Checkgroup ps has checks with and without item! At least one of the checks in this group needs to be changed (With item: ps, ps.perf, Without item: ps.posa)

Has anyone an idea of what this ‘item’ is and what check_mk is expecting my plugin to return?
I can remember reading of it somewhere, but the article was incomplet and i currently can’t find the article anymore.

The ps check is normally designed to give back items, means you can have more than one services checked by the same check. Like ps_1, ps_2, ps_3, … and so on.

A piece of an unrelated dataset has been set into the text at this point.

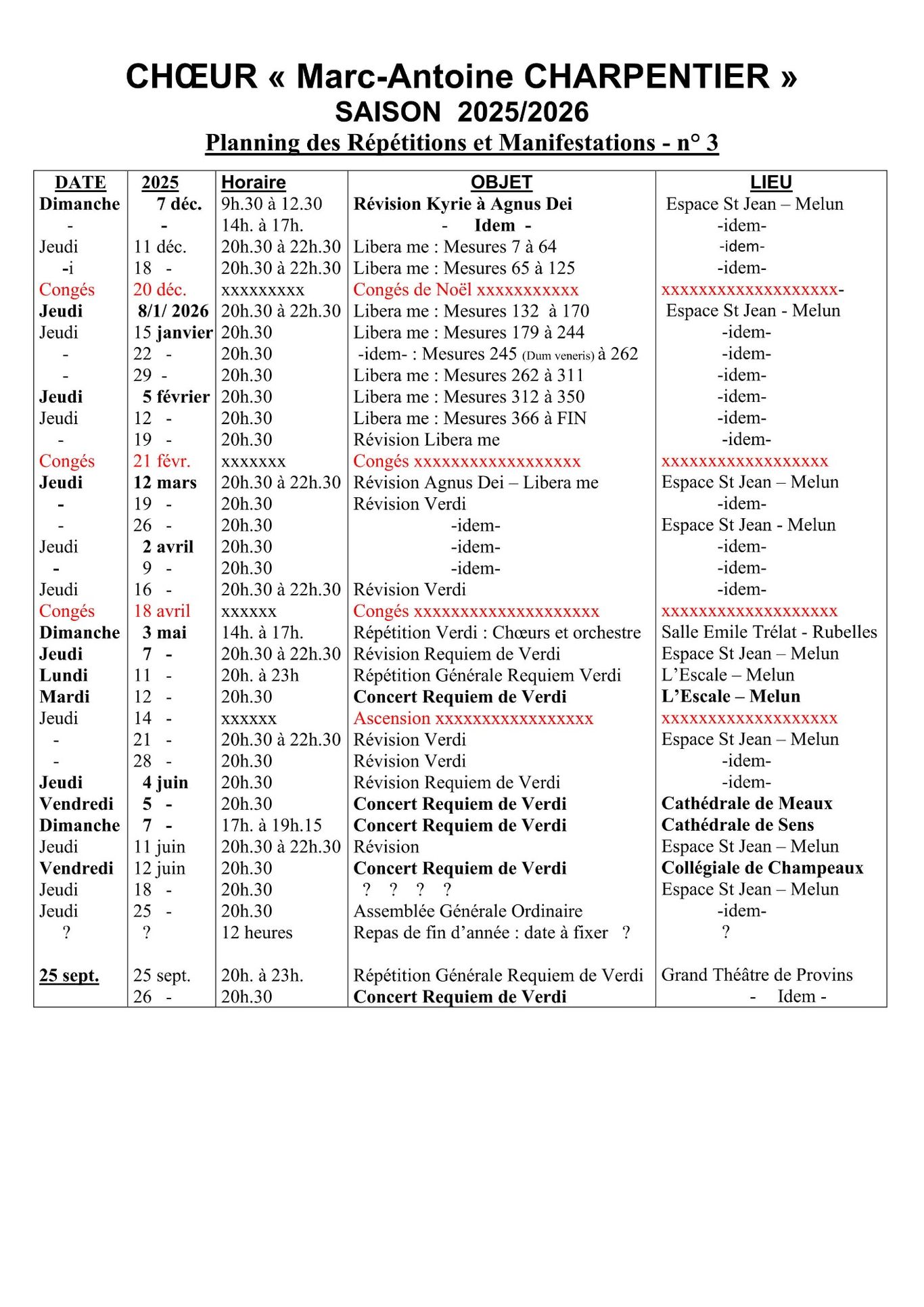 - 25 septembre à 20h00 : Générale au Grand Théâtre de Provins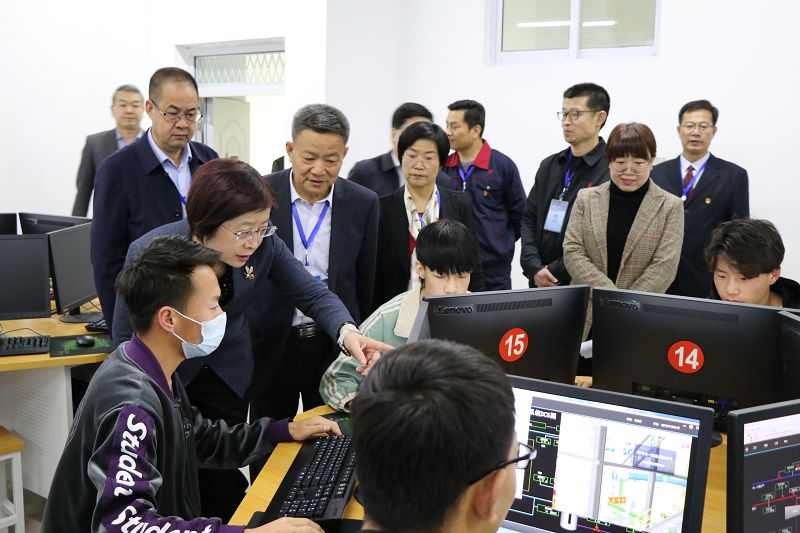 學院黨委書記、院長趙明向王海燕一行詳細匯報了學院基本情況、黨史學習教育、技能甘肅、“雙高計劃”項目建設、人才培養(yǎng)、師資隊伍建設、招生就業(yè)、校企合作、“1+X”證書試點、技能大賽、課程思政改革等情況,重點對與中科院上海應用物理研究所聯(lián)合舉辦中科低碳新能源技術(shù)學院情況進行了匯報。王海燕一行實地查看了中科低碳新能源技術(shù)學院實驗實訓室,并對積極備戰(zhàn)國賽的師生給予鼓勵。

I don’t know how your discovery (old inventory) function and check function is designed but interpreting the error it’s not able to handle more than one item.

I would recvomend you to not use ps.posa as check name and use a totally custom for. may this helps get you around this problem to design your check metching all functions of ps and ps.perf.

If something goies wrong inside the check function your service could stay pending instead of throwing an exception.

Maybe this explanaition helps you designing your own check.

Hello tosch,

thank you for that explaination of the item. It now makes a lot more sense this way, a simple change to the service_description to 'service_description' : 'Posa %s', fixed the item error.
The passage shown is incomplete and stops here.